Influx of funds from London after UK's exit 'could threaten economy's stability'
Dublin's financial services industry could see a huge influx of funds from London thanks to Britain's exit from the EU.
However, this could potentially bring new stability risks to what is already one of Europe's fastest growing financial centres.
A study by two economists from the Central Bank has warned the fragmentation of Europe's financial services industry in a post-Brexit era would see London's influence shrink while other cities - including Dublin, Paris, Frankfurt, Amsterdam and Luxembourg - would reap the benefits.
Silvia Calo and Valerie Herzberg calculate Dublin's banking sector could see an influx of funds equivalent to 12.33pc of its current size that would propel its assets to €610bn, a figure equivalent to twice Ireland's gross domestic product.
The non-bank sector, which comprises investment funds and other so-called shadow banking assets, could grow in size to as much as €4.33tn from €4.15tn, the Central Bank researchers said in their report.

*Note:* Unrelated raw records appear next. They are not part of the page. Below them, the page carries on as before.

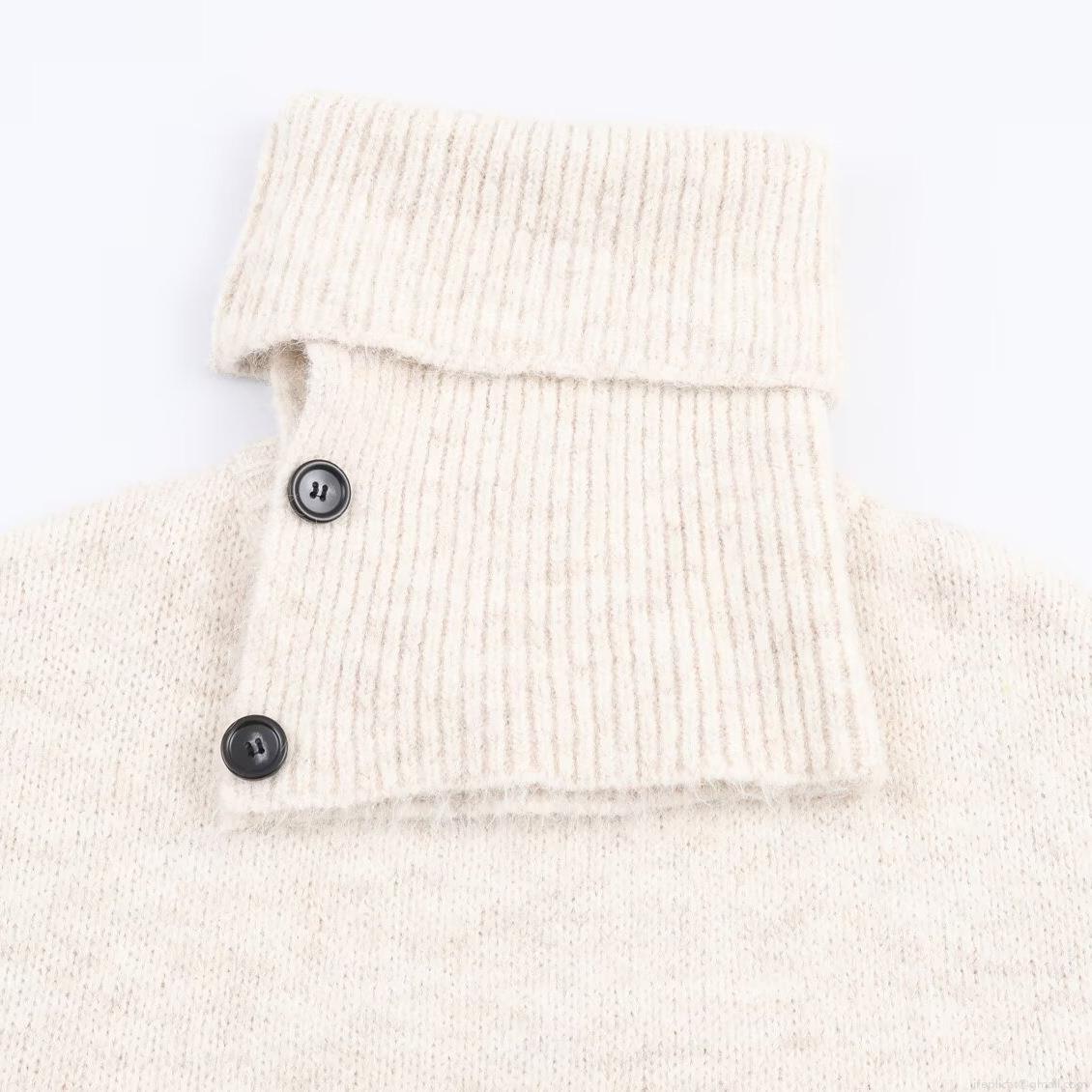 Women's Cowl Neck Knit Sweater Loose Fit Casual Solid Color Pullover Top With Decorative Buttons Soft Blended Yarn Long Sleeve Jumper For Autumn Winter
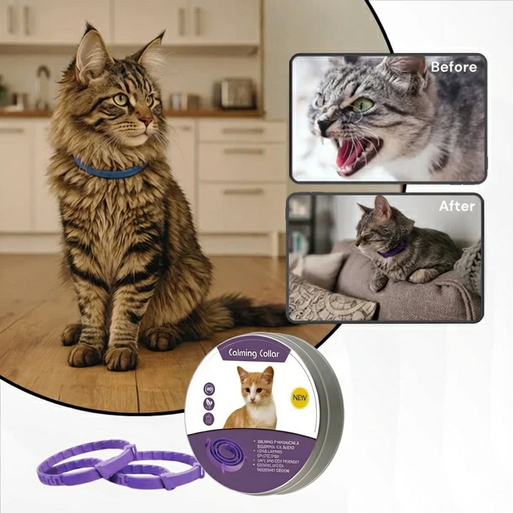 The CalmPaws™ Stress Relief Collar helps your cat stay calm and relaxed by targeting stress-response pheromones. It reduces anxiety, scratching, territorial behavior, and urine marking — creating a peaceful, stress-free environment for both you and your cat.
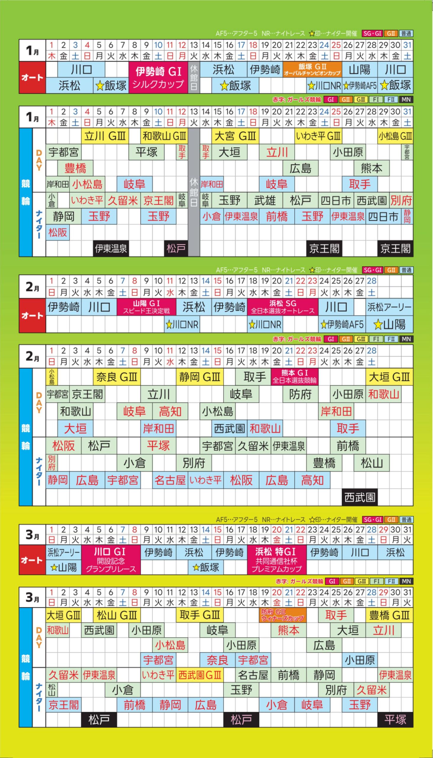 今後のレース開催日程
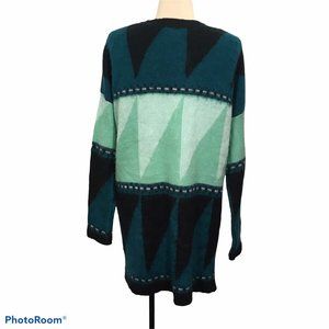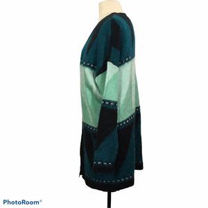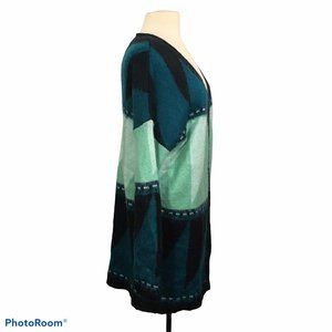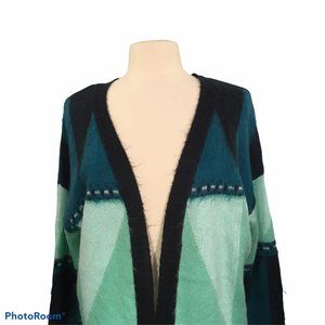Rue 21 Geometric Blue Long Open Front Cardigan Sweater, Fuzzy, Large
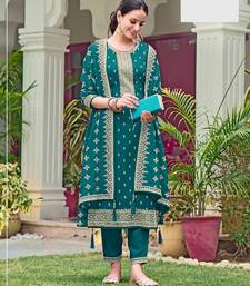 Peacock blue georgette semi stitched wedding suits
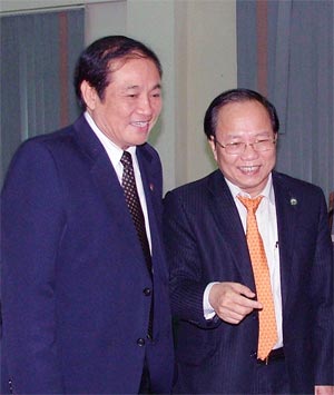 | Bộ Trưởng Bộ VH-TT-DL Hoàng Tuấn Anh bắt tay chúc mừng thành tích của đội tuyển nữ Việt Nam tại giải AFF Cup 2008 |
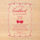 Celebrate the mom-to-be with this whimsical A Little Sweetheart baby shower invitation, beautifully printed on clear acrylic for a modern, elevated look. The phrase “A Little Sweetheart Is on the Way” appears in playful handwritten red lettering, paired with heart-shaped red cherries tied with a delicate bow for a charming coquette-inspired accent. A hand-drawn ribbon border frames your shower details, with tiny red hearts adding a sweet, Valentine-inspired finish. Available in your choice of clear or frosted acrylic, this unique baby shower invitation offers a sleek alternative to traditional paper while maintaining a soft, romantic feel. Personalize the wording to create a memorable invitation perfect for February or Valentine’s Day baby showers celebrating a baby girl.
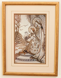 The Madonna and Child. Embroidery piece worked on cream satin with silk and gold thread erroneously attributed to SHCJ. One from a series of thirteen pieces. The full collection resides at The Royal School of Needlework. See "The Litany of Loredo Panels" for more information. |
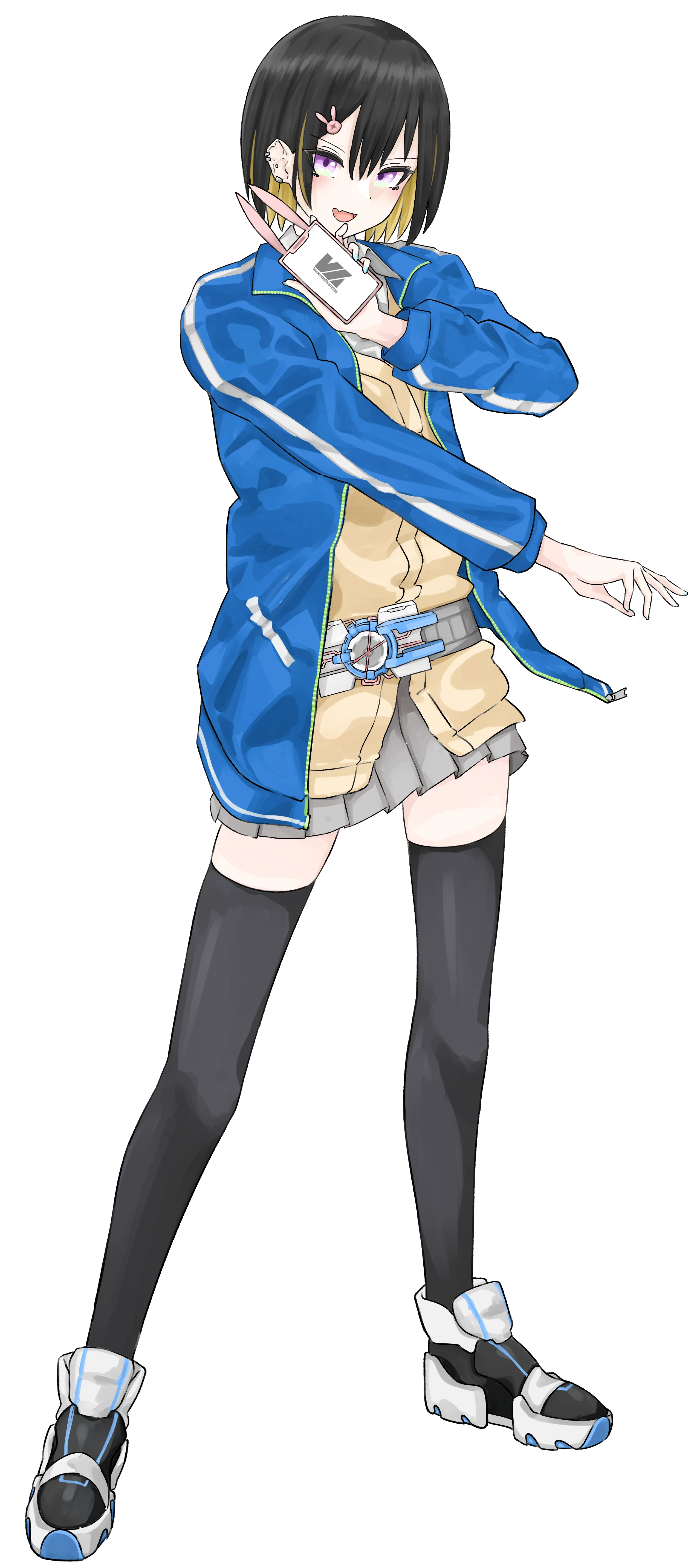 腰に装備したアウスラドライバーに社用スマホをかざすことで認証し、スーツを展開して装甲できる。
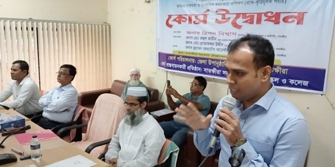শাহ জাহান আলী মিটন , সাতক্ষীরা প্রতিনিধি: প্রাথমিক ও গণশিক্ষা মন্ত্রণালয়ের আওতাধীন উপানুষ্ঠানিক শিক্ষা ব্যুরোর বিশেষ কার্যক্রমের অংশ হিসেবে “কার্যকর সাক্ষরতা ও ব্যবহারিক কর্মদক্ষতা প্রশিক্ষণ (প্রাক-বৃত্তিমূলক পর্যায়)” কোর্সের আনুষ্ঠানিক উদ্বোধন অনুষ্ঠিত হয়েছে।

"The growth of the IFSC [International Financial Services Centre] - similar to non-financial multinational firms - may be changing Ireland's risk profile," said the economists.
Their calculations are based on data from the end of 2017 and the adverse scenario assumes each activity now present in London will leave the city proportionally to the share of revenue generated by EU clients for that particular activity.
At present the City of London has a prominent role in foreign exchange and over-the-counter derivatives deals, while banks located in the UK top €10.7tn in assets.
That compares with €7.5tn for France or Germany and €543m in Ireland, the report said.
The Central Bank has flagged the growing risk that international finance poses to the economy thanks to its growing involvement in the domestic real estate sector and the fact that it increases potential links to financial market risks, which could be transmitted to the economy here.
"The evolution of financial centres at home and abroad still has the potential to affect risks to financial stability in the future and continued work on these structural developments will be important," the report said.
There are also growing concerns that a larger financial services industry relative to the size of an economy may bring more risks than benefits and that finance itself is inherently an unstable industry.
Critics argue excessive risk taken in the boom years before the financial crisis was encouraged by implicit government guarantees and light-touch regulation.